Alan looked back out over the water. He’d thankfully been able to leave the birds and the bees talk to Sam’s grandfather, and had hoped that meant he’d escaped scot-free. He didn’t really want to head down this road with a spontaneously-generated computer entity made manifest. “Human beings are animals,” he said, gesturing vaguely with his free hand. “Animals tend to be social. They touch each other for a lot of different reasons.”
“Sam doesn’t touch me,” she said suddenly, and then sighed. “He did on the Grid. He held me, carried me. But now…now if I get too close, it’s as though he’s afraid. As though I would harm him. But I wouldn’t, Alan.”
He’s probably got it bad for you, Quorra, he thought. He’s the one that doesn’t want to hurt you. But Alan didn’t know how to say that to her, wasn’t sure she’d understand in any event. Programs also didn’t need to procreate.
They sat in silence for awhile. Alan hadn’t realized just how lonely he’d been till this moment – just sitting with someone else, holding hands, was the most real physical contact he’d had in years. It was like a cool balm on an itch he hadn’t even been aware of. Quorra sighed, rested her head against his shoulder.

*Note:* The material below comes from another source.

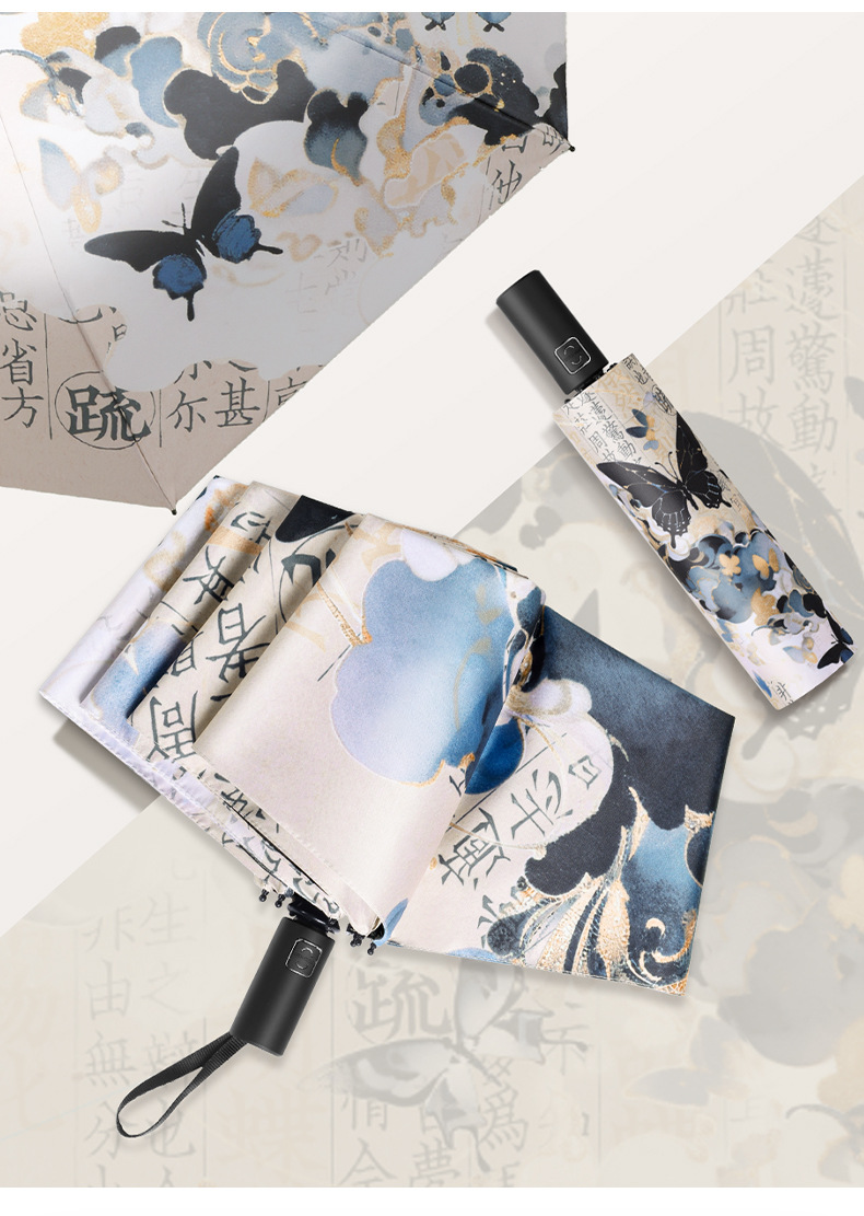 새로운 Guofeng 나비 우산 여성의 태양 보호 자외선 보호 햇빛과 비 보호 이중 목적 자동 학생 접이식 휴대용 태양 우산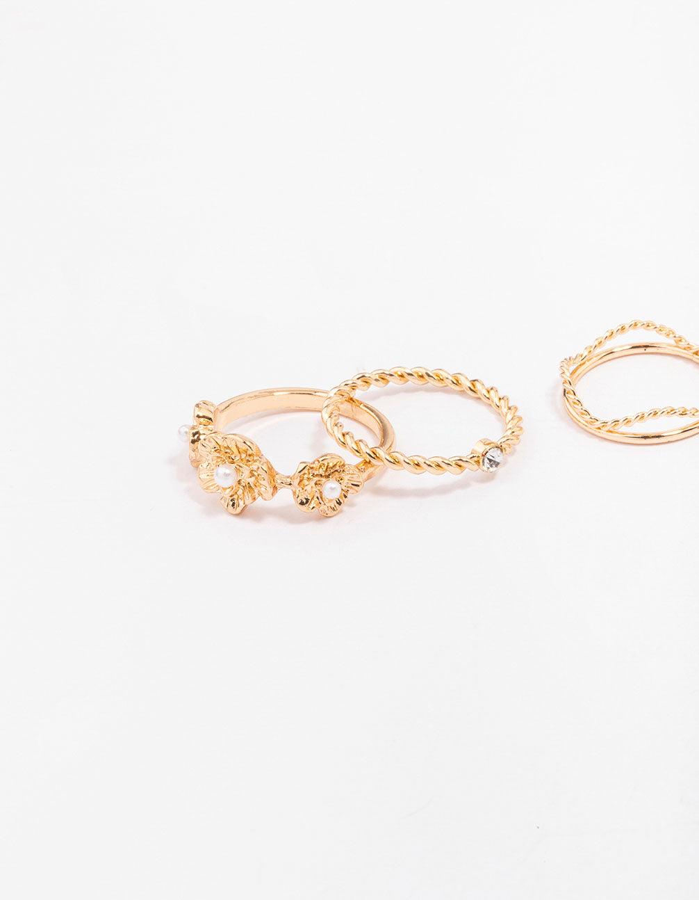 • Gold Twisted Flower Stacking Rings 6- Pack - link has visual effect only

“Did Sam tell you where he was going?” Alan asked, hating to break the silence. But there were still questions that needed answering, and a lot of work to do. Here. In the real world. But no wonder Sam had been incommunicado; what was work when you had the equivalent of a newborn to introduce to the world?
“Lots of places,” she said, matter-of-fact. “He said he would be gone hours. I…didn’t want to tell you that. I didn’t want you to leave.” Alan couldn’t help smiling, and his smile only grew when she reached up to touch the corner of his mouth.
“There are no dreams on the Grid,” she said, her voice very close to his ear. “Except for Flynn, though he only told me about them once. I think he had bad dreams. Dark dreams. But I dream now. Last night I dreamed that I was with you. With Tron, I mean. We were high above the Grid, but the sun was shining. There were programs far below, so small we couldn’t see their faces. Tron said to me, ‘We have to keep an eye out. A storm is coming.’” Quorra snuggled against him more closely, her body warm against his. “Flynn told me that dreams have meaning. That our minds tell us things we don’t otherwise want to hear. What did my dream mean, Alan?”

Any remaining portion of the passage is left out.